● **Prompt**:
Leaving pictures aside, restate exactly the lines of the data below, from the first one through the line that contains "(4c) | Po III |".

● **Information provided**:
== Segment start ==
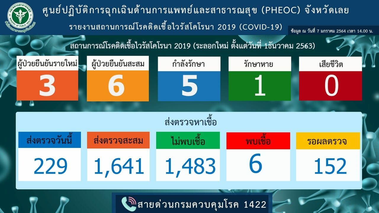8 ม.ค. 64 เลย พบ ผู้ป่วยโควิด-19 เพิ่ม 3 ราย
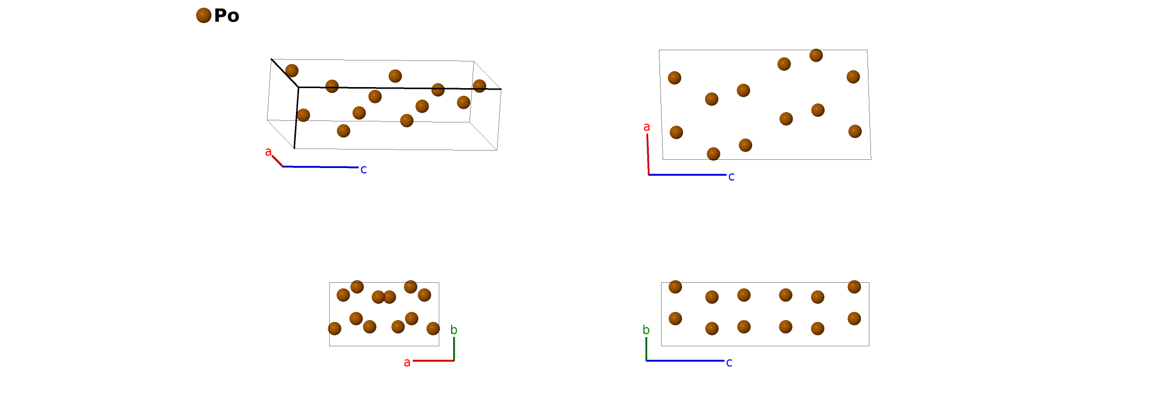 | $\mathbf{B_{5}}$ | = | $\left(x_{3} - y_{3}\right) \, \mathbf{a}_{1}+\left(x_{3} + y_{3}\right) \, \mathbf{a}_{2}+z_{3} \, \mathbf{a}_{3}$ | = | $\left(a x_{3} + c z_{3} \cos{\beta}\right) \,\mathbf{\hat{x}}+b y_{3} \,\mathbf{\hat{y}}+c z_{3} \sin{\beta} \,\mathbf{\hat{z}}$ | (4c) | Po III |
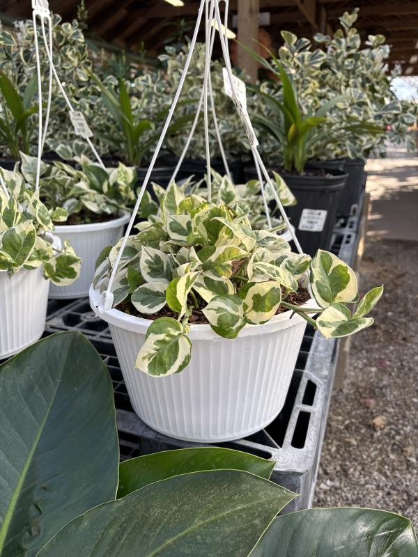 Pothos (Epipremnum aureum) is a hardy, trailing vine known for its lush, heart-shaped leaves that come in shades of green, variegated with white, yellow, or chartreuse. This low-maintenance plant is highly adaptable, thriving in both bright, indirect light and low-light conditions, making it a popular choice for indoor spaces. Pothos can be grown in hanging baskets, climbing structures, or as a ground cover in tropical gardens. It is also an excellent air purifier and requires minimal watering, making it a perfect plant for beginners.
== Segment end ==
● **Answer to this exercise**:
8 ม.ค. 64 เลย พบ ผู้ป่วยโควิด-19 เพิ่ม 3 ราย
 | $\mathbf{B_{5}}$ | = | $\left(x_{3} - y_{3}\right) \, \mathbf{a}_{1}+\left(x_{3} + y_{3}\right) \, \mathbf{a}_{2}+z_{3} \, \mathbf{a}_{3}$ | = | $\left(a x_{3} + c z_{3} \cos{\beta}\right) \,\mathbf{\hat{x}}+b y_{3} \,\mathbf{\hat{y}}+c z_{3} \sin{\beta} \,\mathbf{\hat{z}}$ | (4c) | Po III |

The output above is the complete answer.